- YOUR INSTRUCTIONS -
Your task is to output the listing word for word, with pictures excluded.

::: DATA EXTRACT :::

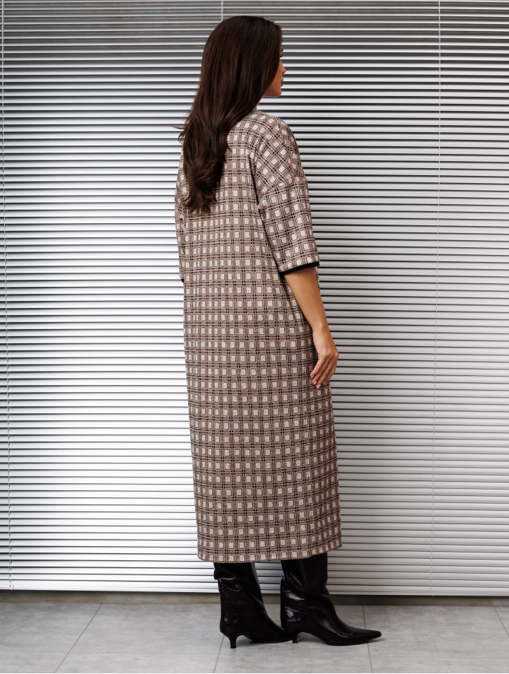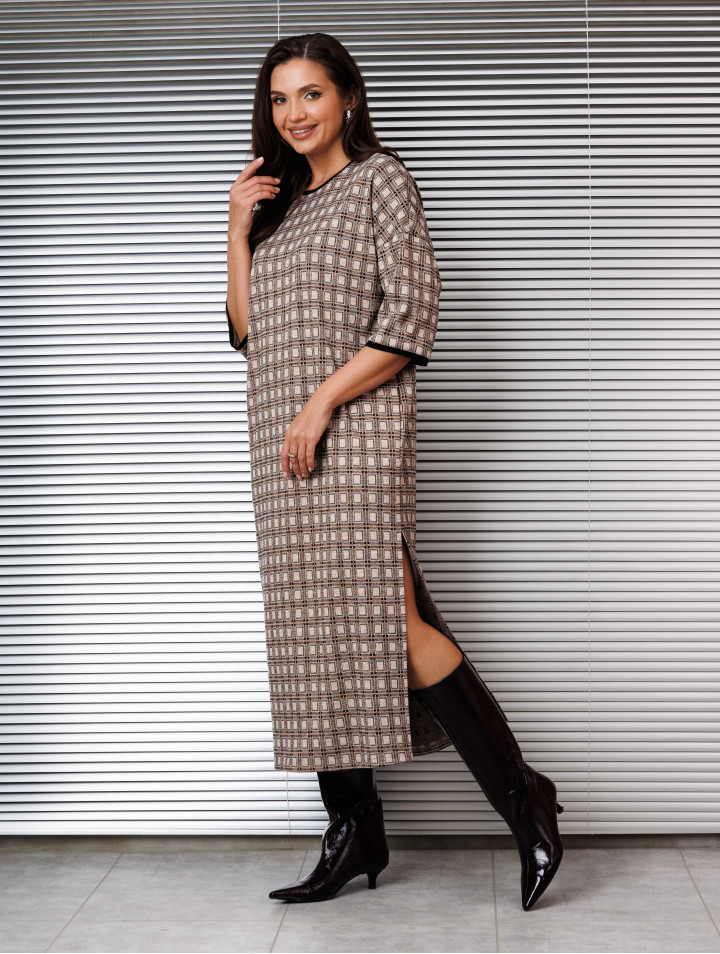 Платье женское трикотажное, свободное "оверсайз", со спущенной проймой и 3/4 рукавом и планкой по низу рукава,вырез горловины полукруглый с планкой, в боковых швах разрез и карманы.
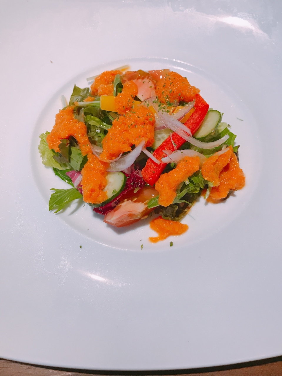 サラダのにんじんドレッシングは美味しく野菜に絡めてたべました。
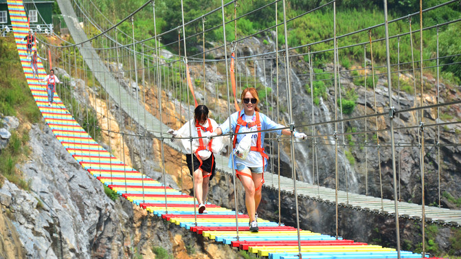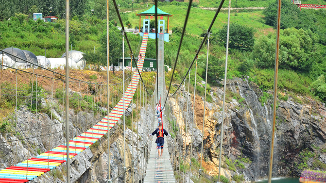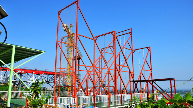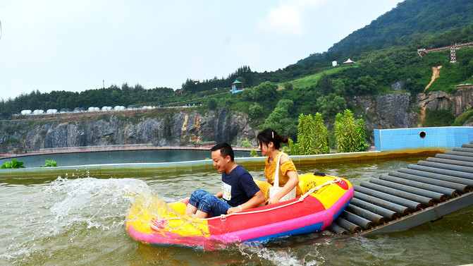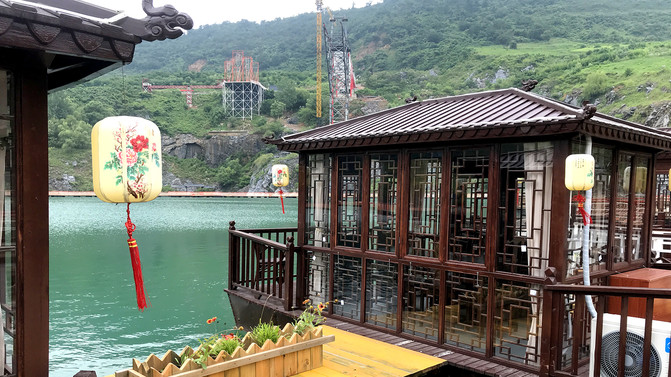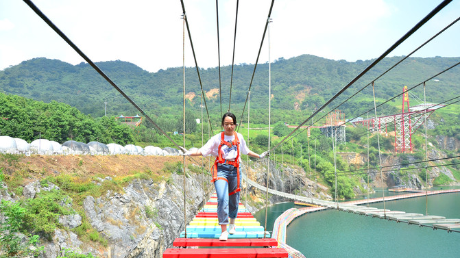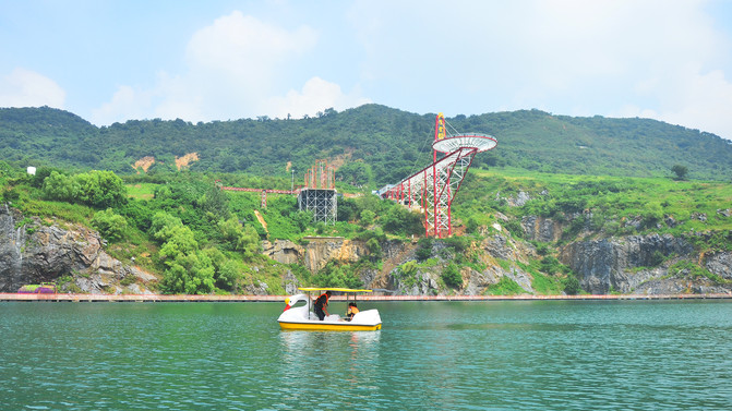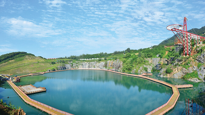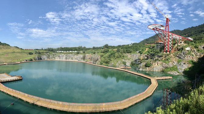 景区的大体环境是背靠大山(长山),面向丹徒大学城,属于长山的南坡,景区有一巨大的矿坑堰塞湖,湖面如碧绿的镜子,湖面上有浮桥,周边网红项目居多,如天空云镜、天空步道、悬崖秋千、漂流等,下面一一体验。

:::

- WRITTEN ANSWER -
 Платье женское трикотажное, свободное "оверсайз", со спущенной проймой и 3/4 рукавом и планкой по низу рукава,вырез горловины полукруглый с планкой, в боковых швах разрез и карманы.
 サラダのにんじんドレッシングは美味しく野菜に絡めてたべました。
 景区的大体环境是背靠大山(长山),面向丹徒大学城,属于长山的南坡,景区有一巨大的矿坑堰塞湖,湖面如碧绿的镜子,湖面上有浮桥,周边网红项目居多,如天空云镜、天空步道、悬崖秋千、漂流等,下面一一体验。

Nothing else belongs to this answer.